PROBLEM DETAILS —
Any picture in the material should be left out, while all other lines are copied exactly.

SOURCE RECORDS —
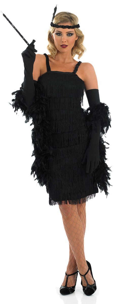 Roaring 20's Ladies Costume is a fabulous faux velour dress with flirty fringe detail on the front, also included are a pair of long gloves and a headband with attached feather.
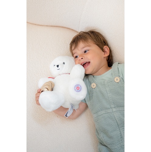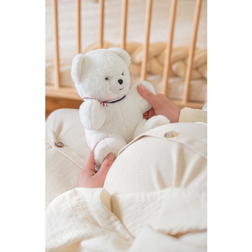 Ofereça um momento de ternura e cumplicidade com este ursinho de peluche branco. O seu exclusivo sistema de articulação Fleximoov® permite que ele "ganhe vida" e a sua maciez fazem dele um presente original e personalizado para uma futura mamã ou para um bebé. Este brinquedo de peluche feito na França é fabricado na oficina da marca em La Guerche-de-Bretagne. Um presente ideal para bebés!
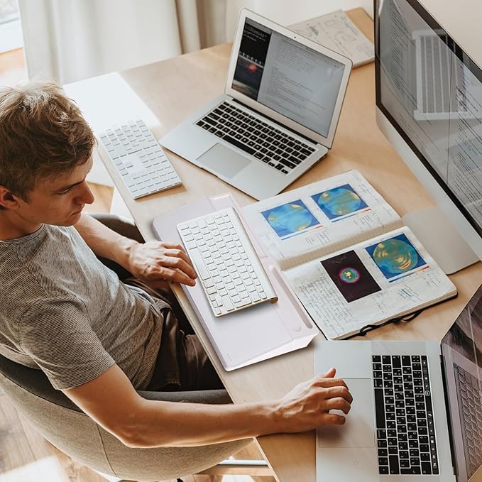 - PERFECT DESIGN: Maximize your work area. The desktop whiteboard is designed to sit perfectly between a keyboard and monitor and is slope angled for comfortable reading and writing, or typing when you are using it as a keyboard stand.
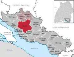 Está ubicado al sureste del estado, en la región de Tubinga, cerca de la orilla del lago de Constanza, que lo separa de Suiza y Austria.
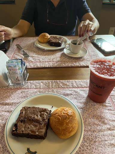 Tomamos 1 café grande, estava bom. Comemos um misto quente, 4 pães de queijo, 1 broa, o brunch e um frango fit para a viagem. O brunch estava gostoso com o ovo bem temperado e bacon bem fritinho. Comeria de novo. Os pães de queijos também estavam bons. Comeria de novo. A broa estava ok, nada demais. Não comeria novamente. O misto veio com 1 fatia de presunto e 1 de queijo, então achei que veio pouco. O sabor estava bom. Não comeria novamente.
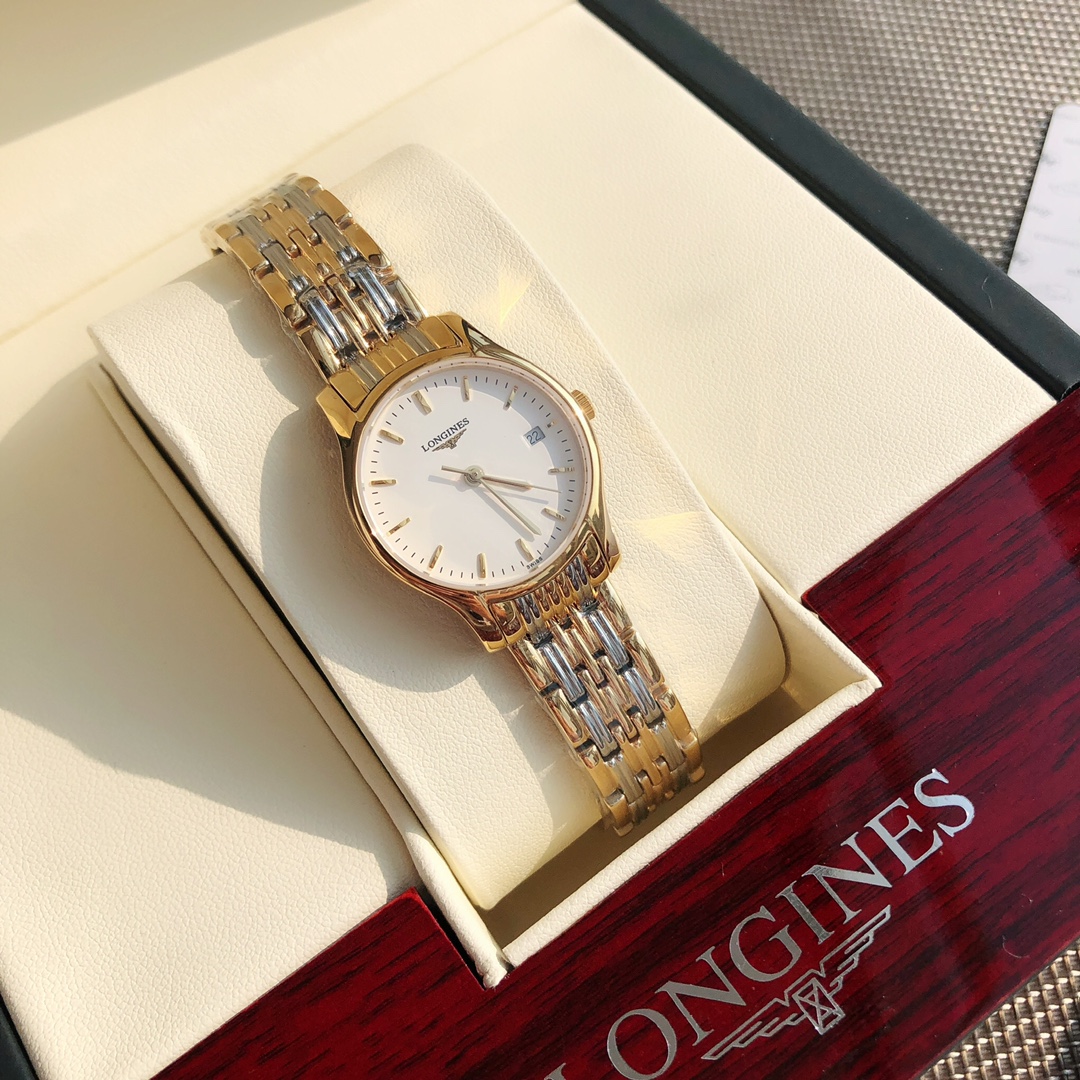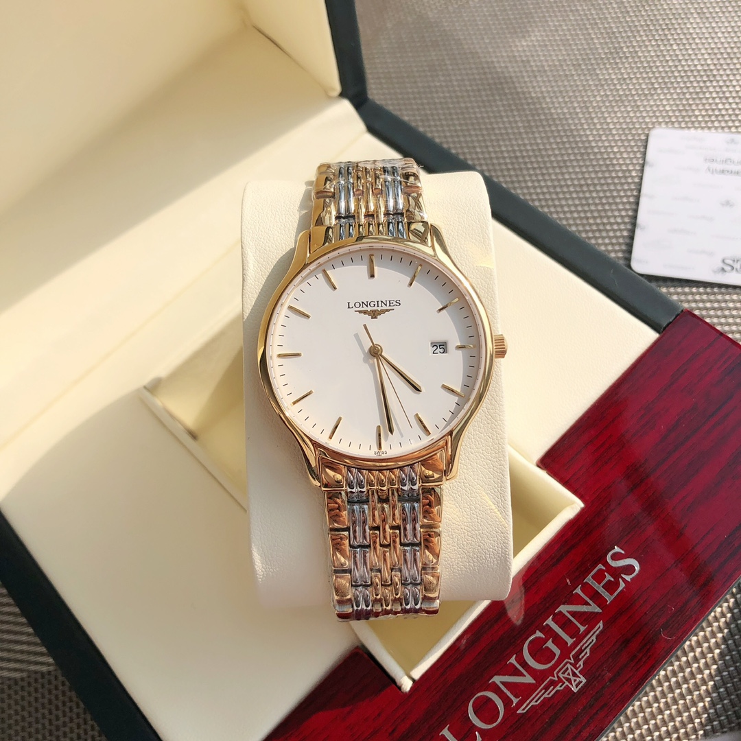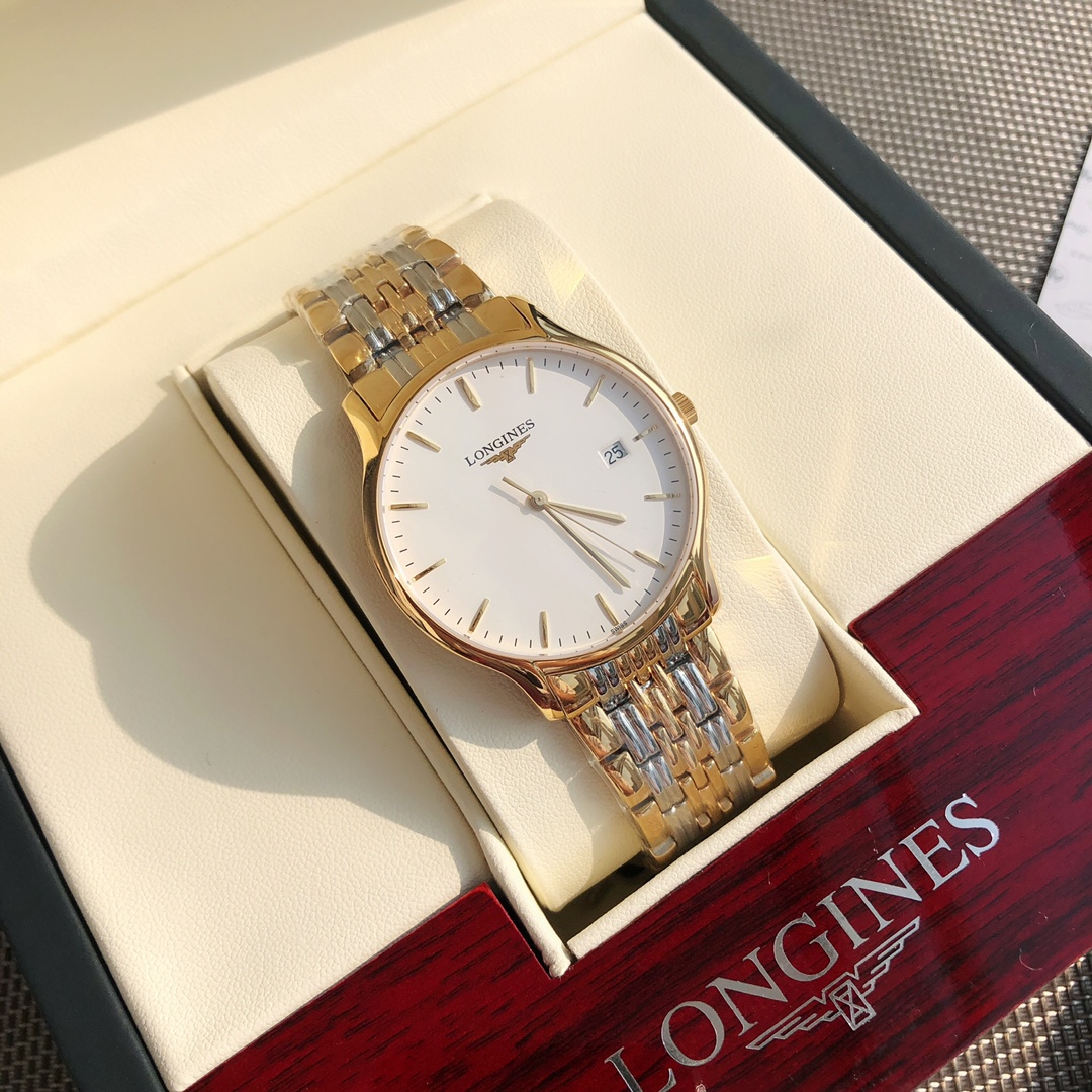 This time, we bring you a couple's Longines watch from the OEM factory channel. The men's version has a 38.5mm diameter, and the women's version has a 25mm diameter, both at the same price! The classic and timeless Longines Elegant Collection—casual and fashionable ladies' quartz watch—embodies the oldest manufacturing aesthetics of the Longines brand, renowned for its winged hourglass emblem. The uniquely designed case, with its ultra-thin silhouette, creates eternal beauty. The men's version features a Swiss Ronda 515 quartz movement, while the women's version features a Swiss Ronda 585 quartz movement. Both are equipped with scratch-resistant sapphire crystal, a triple-fold safety clasp, and a push-button opening mechanism. The simple silver hands add elegance to the entire dial. Original large accessories highlight the essence of the watch, and it comes with a lifetime warranty.

WORKED SOLUTION —
 Roaring 20's Ladies Costume is a fabulous faux velour dress with flirty fringe detail on the front, also included are a pair of long gloves and a headband with attached feather.
 Ofereça um momento de ternura e cumplicidade com este ursinho de peluche branco. O seu exclusivo sistema de articulação Fleximoov® permite que ele "ganhe vida" e a sua maciez fazem dele um presente original e personalizado para uma futura mamã ou para um bebé. Este brinquedo de peluche feito na França é fabricado na oficina da marca em La Guerche-de-Bretagne. Um presente ideal para bebés!
 - PERFECT DESIGN: Maximize your work area. The desktop whiteboard is designed to sit perfectly between a keyboard and monitor and is slope angled for comfortable reading and writing, or typing when you are using it as a keyboard stand.
 Está ubicado al sureste del estado, en la región de Tubinga, cerca de la orilla del lago de Constanza, que lo separa de Suiza y Austria.
 Tomamos 1 café grande, estava bom. Comemos um misto quente, 4 pães de queijo, 1 broa, o brunch e um frango fit para a viagem. O brunch estava gostoso com o ovo bem temperado e bacon bem fritinho. Comeria de novo. Os pães de queijos também estavam bons. Comeria de novo. A broa estava ok, nada demais. Não comeria novamente. O misto veio com 1 fatia de presunto e 1 de queijo, então achei que veio pouco. O sabor estava bom. Não comeria novamente.
 This time, we bring you a couple's Longines watch from the OEM factory channel. The men's version has a 38.5mm diameter, and the women's version has a 25mm diameter, both at the same price! The classic and timeless Longines Elegant Collection—casual and fashionable ladies' quartz watch—embodies the oldest manufacturing aesthetics of the Longines brand, renowned for its winged hourglass emblem. The uniquely designed case, with its ultra-thin silhouette, creates eternal beauty. The men's version features a Swiss Ronda 515 quartz movement, while the women's version features a Swiss Ronda 585 quartz movement. Both are equipped with scratch-resistant sapphire crystal, a triple-fold safety clasp, and a push-button opening mechanism. The simple silver hands add elegance to the entire dial. Original large accessories highlight the essence of the watch, and it comes with a lifetime warranty.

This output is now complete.